説明

バナナ熟成装置

【課題】 本発明は、設備コストが比較的安価であり、バナナコンテナの入室数に応じて、熟成室の容積を簡単に調整できるバナナ熟成装置を提供する。
【解決手段】 本発明のバナナ熟成装置1は、床面21、前面隔壁22、後面隔壁23、両側面隔壁24及び天井隔壁25によって区画された差圧式の熟成室2と、熟成室2内に設置されるバナナコンテナ9と、熟成室2内に空気の流れを生じさせる送風機3と、を有し、前面隔壁22がシート材で形成されており、前面隔壁2を後面隔壁23方向へ移動させるための移動機構が設けられている。前記前面隔壁22を形成するシート材は、バナナコンテナ9の列間に存する通路に対応する領域が前記バナナコンテナ9の前面部に対応する領域よりも剛性が大きいことが好ましい。

【発明の詳細な説明】
【技術分野】
【0001】
本発明は、未熟なバナナを熟成するバナナ熟成装置に関する。
【背景技術】
【0002】
バナナは、緑色の未熟な状態で収穫された後、熟成させて市場に提供される。

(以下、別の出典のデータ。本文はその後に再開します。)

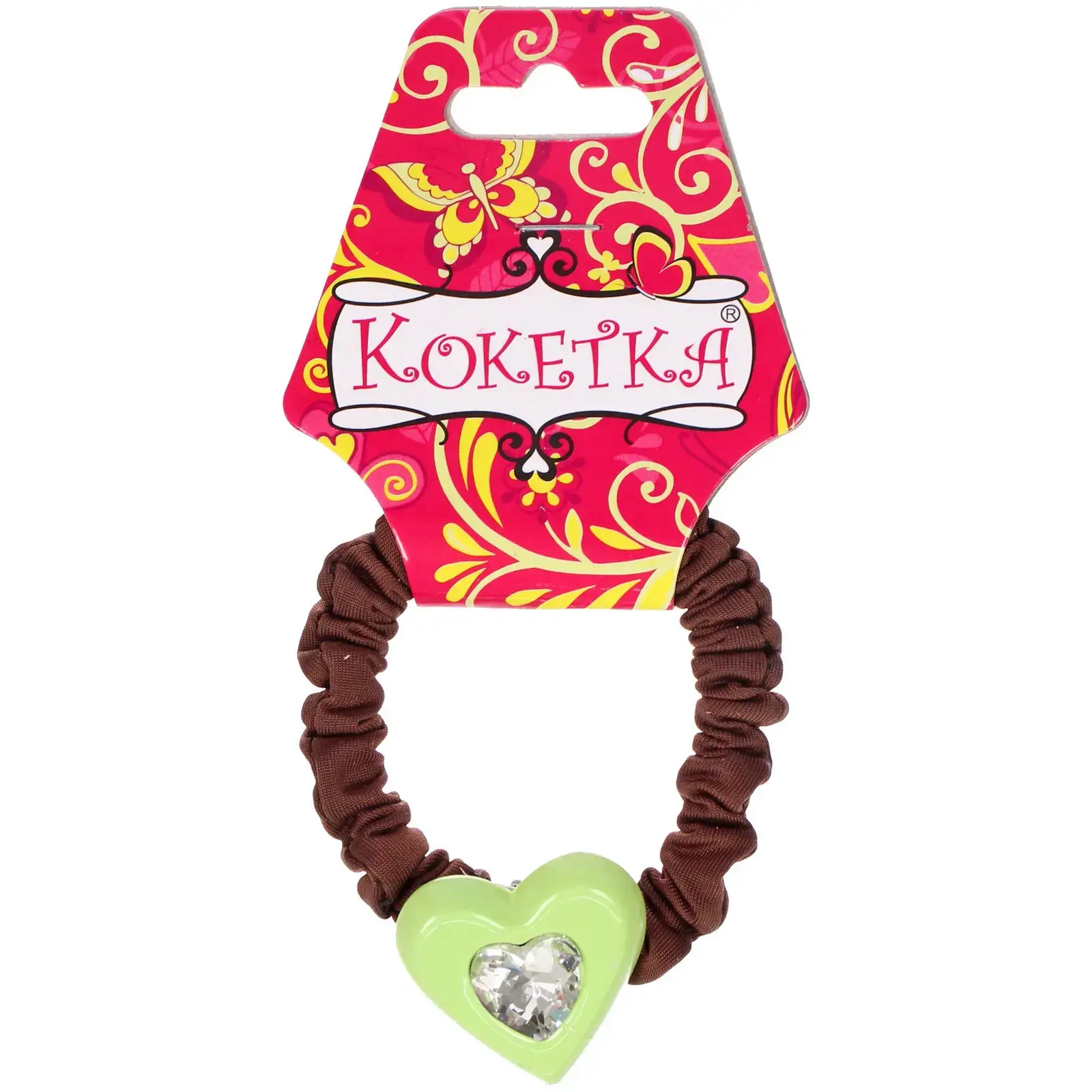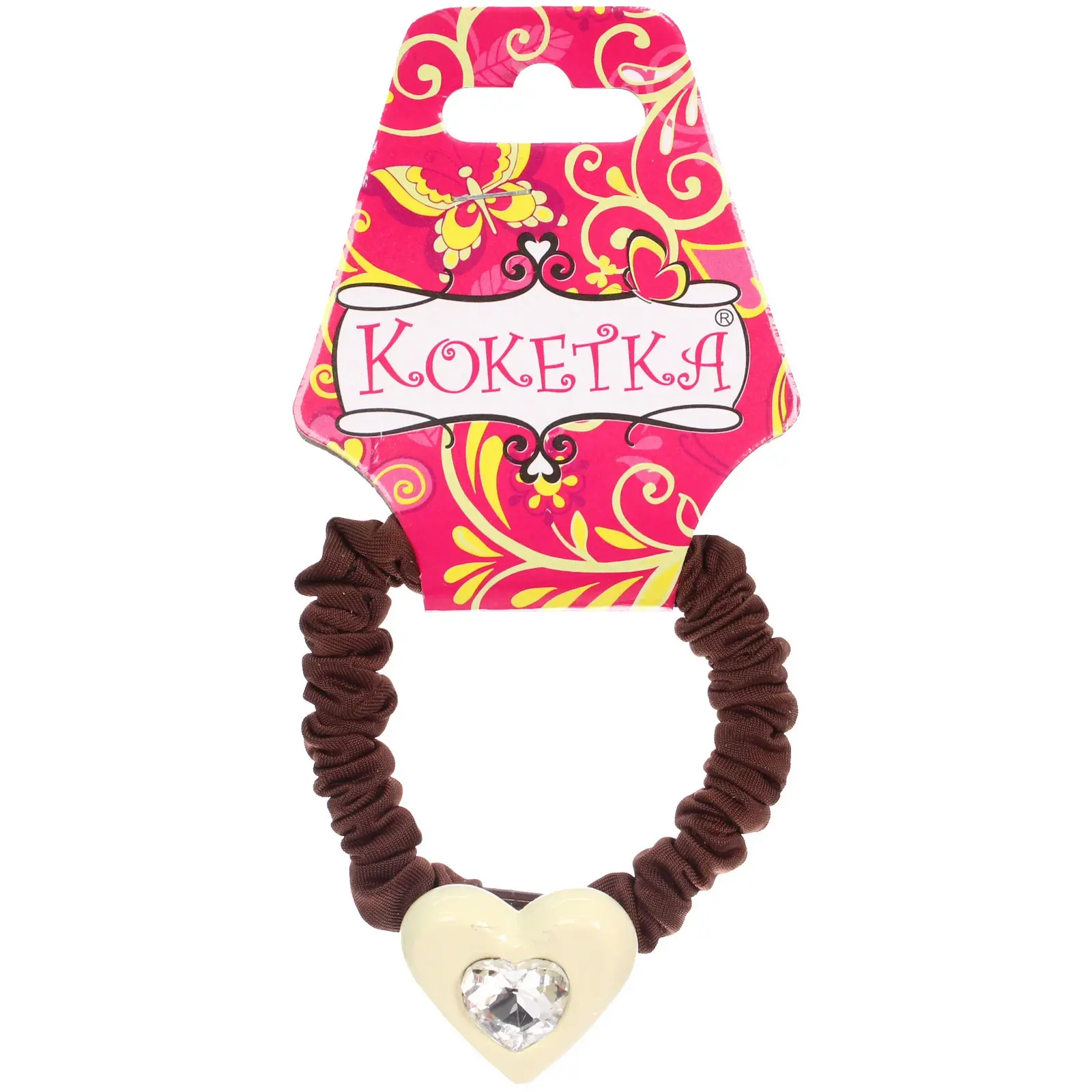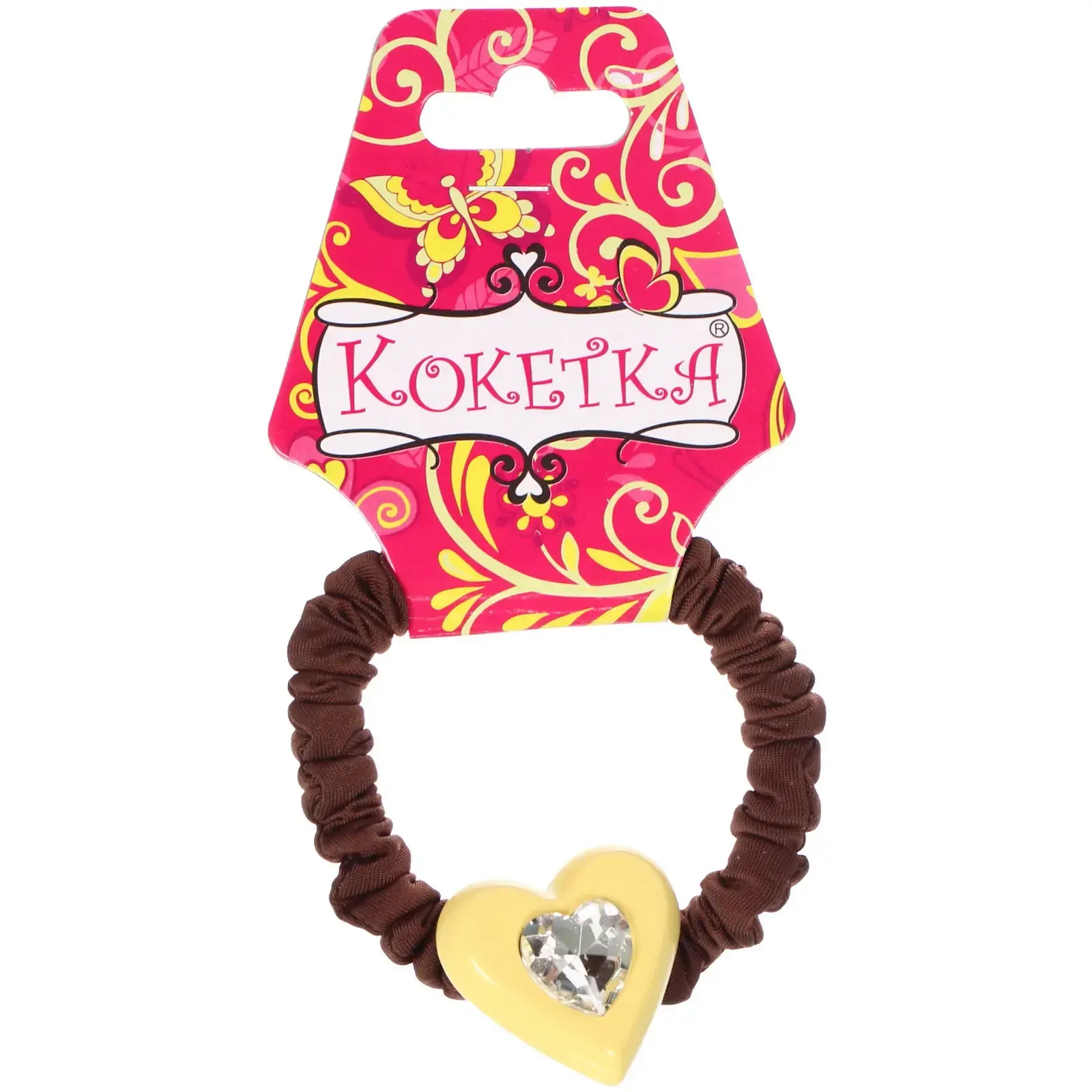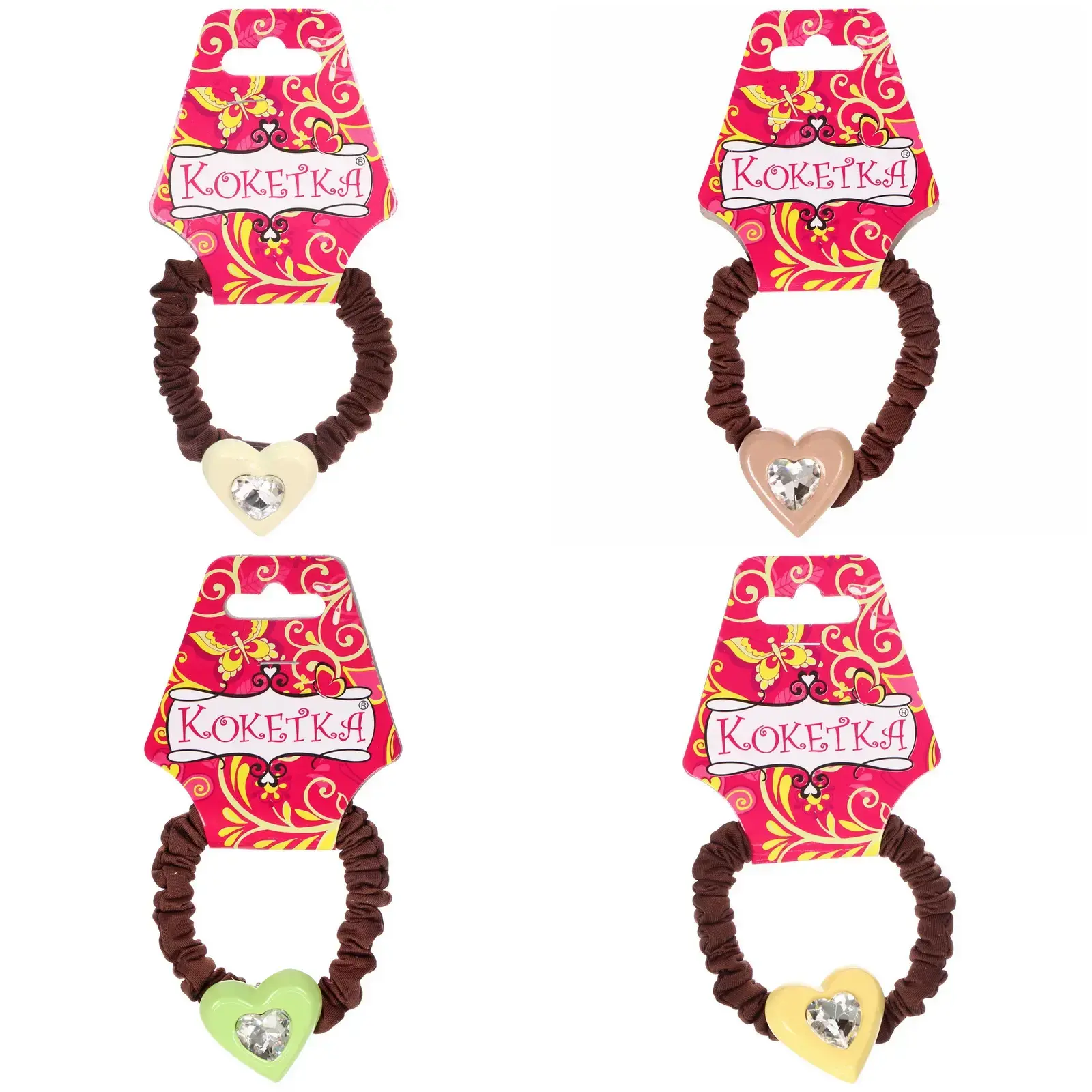 Размер резинки составляет 5,5 см в диаметре, что делает ее универсальной для использования. Она выполнена из текстильного материала, который обеспечивает комфорт при носке. Декоративный элемент в форме сердца добавляет изысканности и делает резинку идеальным подарком для близких. Упаковка оформлена в ярких цветах с логотипом «Кокетка», что подчеркивает стиль и качество продукта.

バナナの熟成加工は、未熟なバナナを差圧式の熟成室に収容し、温度制御を行いつつ、ここに所定濃度のエチレンガスを循環させることによって行われる。
従来、バナナの箱の上部及び最前面部をシートでシールドする構造の差圧式の熟成室(以下、従来の第1熟成室という)が開示されている(特許文献1の[0002]及び図8等)。

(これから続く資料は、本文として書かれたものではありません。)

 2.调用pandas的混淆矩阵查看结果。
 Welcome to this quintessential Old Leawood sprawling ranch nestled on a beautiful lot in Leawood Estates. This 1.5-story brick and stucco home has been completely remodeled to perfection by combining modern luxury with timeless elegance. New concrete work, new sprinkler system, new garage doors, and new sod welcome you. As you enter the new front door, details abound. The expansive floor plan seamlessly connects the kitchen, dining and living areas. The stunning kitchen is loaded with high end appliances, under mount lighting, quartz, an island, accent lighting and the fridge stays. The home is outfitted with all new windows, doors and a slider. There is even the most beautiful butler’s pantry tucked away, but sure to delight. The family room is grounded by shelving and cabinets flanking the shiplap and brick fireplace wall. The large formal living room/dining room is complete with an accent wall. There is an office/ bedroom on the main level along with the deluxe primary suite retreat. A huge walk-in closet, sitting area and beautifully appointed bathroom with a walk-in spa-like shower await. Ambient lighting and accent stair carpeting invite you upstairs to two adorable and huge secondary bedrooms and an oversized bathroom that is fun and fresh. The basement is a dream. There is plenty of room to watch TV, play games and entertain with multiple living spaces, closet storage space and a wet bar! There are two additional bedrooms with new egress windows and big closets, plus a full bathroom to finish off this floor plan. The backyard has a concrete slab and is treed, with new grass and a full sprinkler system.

また、室内の両側面から離れた位置に、下部にパッキンを装着した上下スライド可能なシャッターを多数設け、シャッターのガイドレールにシェルター用パッキンを設け、室の側面とガイドレールの間にシェルター用仕切板を設けた、差圧式の熟成室(以下、従来の第2熟成室という)が開示されている(特許文献1の[請求項1]及び図1等)。
【特許文献1】特開2003−9835号公報
【発明の開示】
【発明が解決しようとする課題】
【0003】
上記従来の第1熟成室は、バナナの箱を搬入後、バナナの箱の上部から最前面部にかけてシートを装着しなければならず、加工作業が繁雑である。また、前記シートの装着が上手に出来ないと、送風機を作動させたときに、シートが捲れたり、或いは、充分な差圧を確保できない。
【0004】
一方、上記従来の第2熟成室は、シャッターを床面に密着するまで下げ、該シャッターとシェルター用仕切板によって囲われたシェルターを閉じることにより、(バナナの箱が熟成室に満杯でなく)バナナの箱が少量であっても熟成加工が行えるという利点がある。
しかしながら、上記従来の第2熟成室は、熟成室に多数のシャッター及びシェルター用仕切板並びにこれらに附属する部材を設置しなければならず、設備コストが多大であるという問題がある。
また、上記従来の第2熟成室は、熟成室の内部は仕切板で仕切られていないので、シャッターを床面まで下げてシェルターを閉じても熟成室内の容積は変わらない。このため、バナナの箱が少量の場合でも、バナナの箱が入っていない熟成室の空間にも空気が流れるので、送風機やエチレンガスなどのランニングコストが余計に掛かるという問題もある。
【0005】
本発明の第1の目的は、設備コストが比較的安価であり、バナナコンテナの入室数に応じて、熟成室の容積を簡単に調整できるバナナ熟成装置を提供することである。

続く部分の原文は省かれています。